La puerta de la cocina se abrió de pronto, pero no fue madame Kuriaki quien entró, sino Andreas Petronides, sudoroso y sonrojado, en traje de deporte color verde, ribeteado de rojo en las costuras de las piernas y los brazos.

Sylvie no supo quién resultó más sorprendido, si ella con el pijama azul y blanco, con el rostro ruborizado, o Andreas asombrado por su presencia en la cocina en lugar de madame Kuriaki. Él fue a decir algo al entrar en la cocina, pero al verla sólo pudo exclamar:

— ¡Sylvana! ¿Qué hace aquí?

—Oh. lo siento —se disculpó—. Pensé que no había nadie des­pierto. Estaba preparándome una taza de café. Sé que no es lo correcto, pero tenía mucha sed.

Andreas permanecía en la puerta, indeciso.

—Si deseaba café, debía haber llamado a madame Kuriaki —dijo impaciente—. ¿Acostumbra usted andar por la casa medio desnuda? Si es así, permítame decirle que aquí no debe hacerlo.

—No estoy medio desnuda —protestó, aunque sabía que era cier­to—. Llevo menos ropa en la playa y nadie me molesta.

—¿Dónde está la señora Kuriaki? —dijo ignorando sus palabras.

—No lo sé —Sylvie encogió los hombros otra vez—. Todavía no se habrá levantado, supongo —hizo una pausa, mientras la cafetera co­menzaba a hacer ruido, y ella se volvió invitándole—. ¿Va a tomar un poco de café conmigo, Andreas? ¿O tendré que tomarlo sola? —forzó el tono para que pareciera animado, decidida a que no la intimidara como el día anterior—. ¿O es que no suele hacerlo?

Madame Kuriaki estará aquí dentro de cinco minutos, creo que la esperaré —contestó él mirando el reloj.

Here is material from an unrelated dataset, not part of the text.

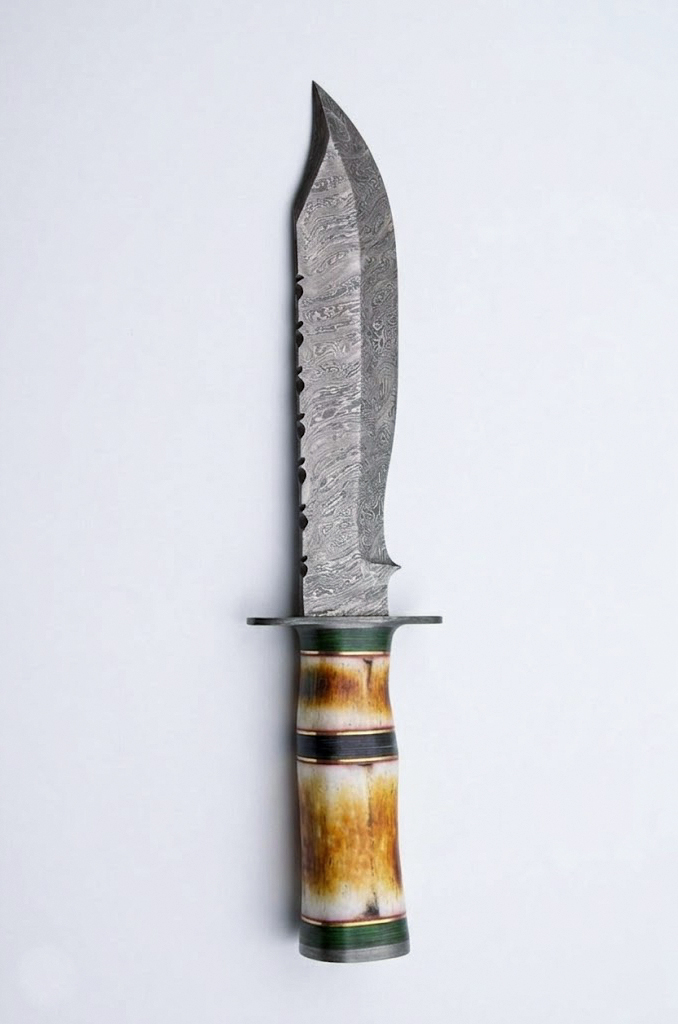 Elevate your collection or outdoor gear with our Steel Bowie Fire Pattern Damascus Knife . Forged from multiple layers of high-carbon steel, this blade is more than just a tool—it’s a striking piece of functional craftsmanship. Each knife features the iconic flowing Damascus patterns such as “ladder” or “raindrop,” making every blade truly one of a kind.

—¿No cree que yo pueda prepararlo? —preguntó, con sarcasmo, y notó que el cabello de él estaba húmedo—. Oh, ¿está lloviendo? Pensé que hacía una buena mañana.

—Sí lo es —el tono de Andreas era duro, y sus ojos, al encontrarse con los de ella no eran muy firmes—. Es que he ido al club, cerca de aquí, para nadar.

— ¡Qué estupendo! —Sylvie era sincera. No podía pensar en algo más agradable que nadar en una piscina fría—. Pensé que estaba dor­mido. Como regresó tan tarde anoche...

Andreas no respondió, se encogió de hombros y se volvió, mientras bajaba la cremallera de su chaqueta, dejando ver su pecho moreno. La vista de su cuerpo musculoso, poco velludo, le produjo una extraña sensación de debilidad y turbación a Sylvie. ¿Qué le sucedía? Él ni siquiera la miraba.

Con lentitud deliberada Sylvie se dirigió al armario, de dónde sacó tazas y platos. Insistió.

- ¿Está seguro de que no acepta? He preparado suficiente.

—Muy bien —accedió al fin—. ¿Puede llevarlo a la sala? Voy a por mi bata.

—Está bien —asintió Sylvie y colocó las tazas en los platos mientras él salía. Ella se frotó las manos nerviosa, lo había hecho cambiar de parecer y a pesar de su resentimiento sintió una extraña emoción.

Cuando llevó la bandeja a la sala, Andreas ya se había puesto una bata de seda color vino, atada a la cintura. Hasta que le sirvió el café no se dio cuenta de que él se había puesto la bata para indicarle a ella que hiciera lo mismo. Pero hacía demasiado calor para vestirse, se dijo ella y se resignó a su crítica mientras se sentaba en el sofá.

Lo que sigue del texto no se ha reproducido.